'''

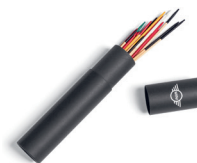
MINI PICK-UP STICKS

Puzzles: cardboard Bags: 100% cotton Multicoloured 80 45 2465956 Each puzzle: 36 × 26 cm
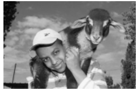
A child at Ben Yakir Youth Village playing with a goat, one of the members of the stolen herd.
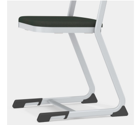
Stable and solid C-shape frame
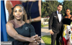
[Pics] Weird Things Everyone Ignores About Serena Williams' Marriage Hooch
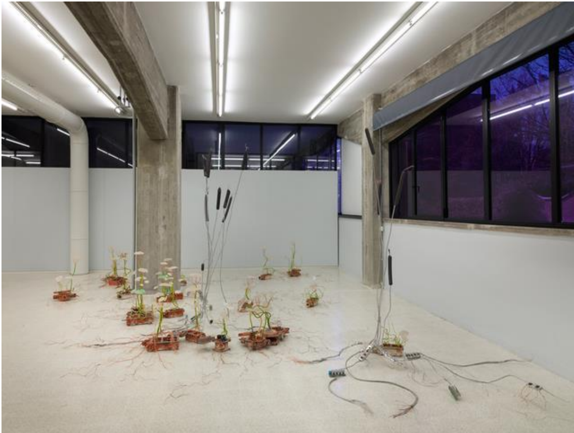
Krištof Kintera, Postnaturalia , 2016, exhibition view at Collezione Maramotti.

Kintera began the project after a visit to the Musei Civici, a fascinating and creepy 19th-century anthropology museum in the historic centre of Reggio Emilia. The museum's dimly lit, labyrinthine Wunderkammer displays are packed with everything from ancient fossils to human genitalia pickled in formaldehyde; the spoils of safari are mounted in a grand entry hall. Inspired by a room of rare, colourfully preserved fungi, Kintera produced his own specimens using materials fished from a local electronic rubbish dump, some of which are temporarily on display in the museum's locked vitrines, with names like Gratia Informatica or Radaria Pulsa that ape Linnaean classification.
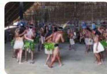
Pictured above: Images of indigenous peoples living in the Amazon rainforest.

How does life in the Amazon rainforest compare with yours?
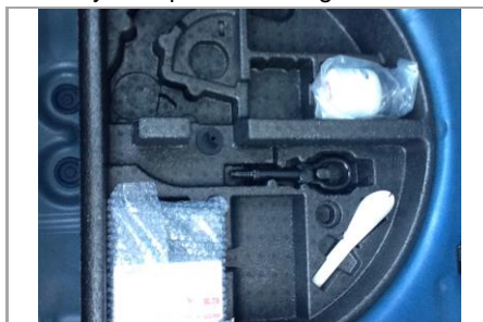
Tyre Repair Kit - Image 1 of 1
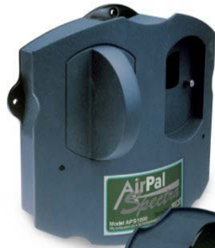
The AirPal Spectra is available in two models - ozone and non-ozone

Safe, effective, without chemicals, tested and environmen- tally friendly UV light technology
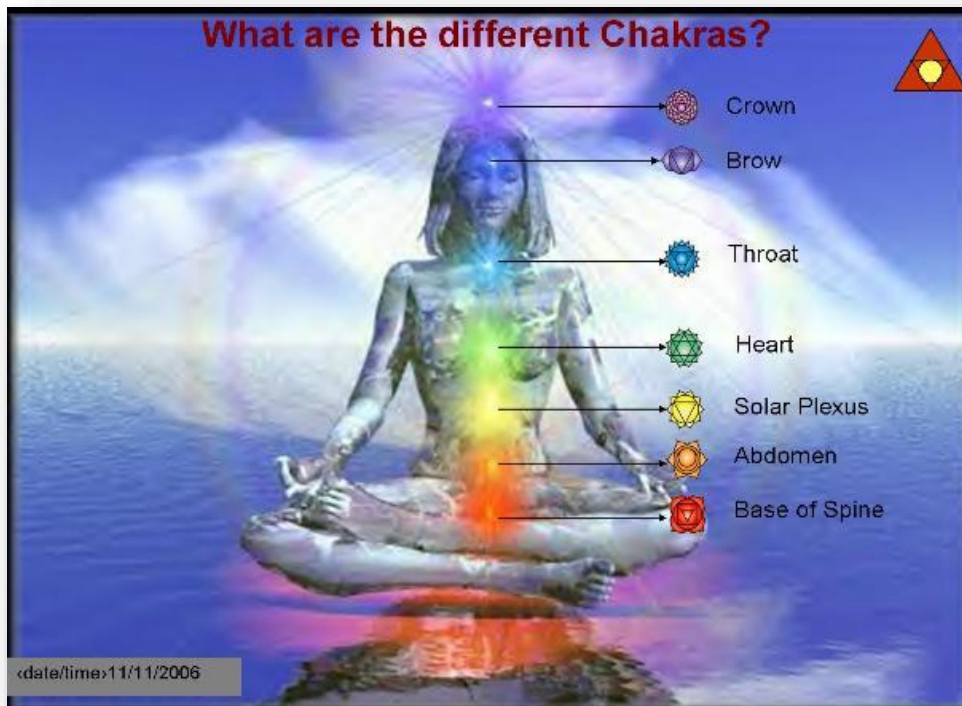
Figure 2. The seven body chakras. The 4th chakra is green and called the "Heart chakra".

'''

- [YOUR INSTRUCTIONS]:
All lines in the listing above that contain "Amazon" should be shown.

- [RESPONSE TO THIS TASK]:
Pictured above: Images of indigenous peoples living in the Amazon rainforest.
How does life in the Amazon rainforest compare with yours?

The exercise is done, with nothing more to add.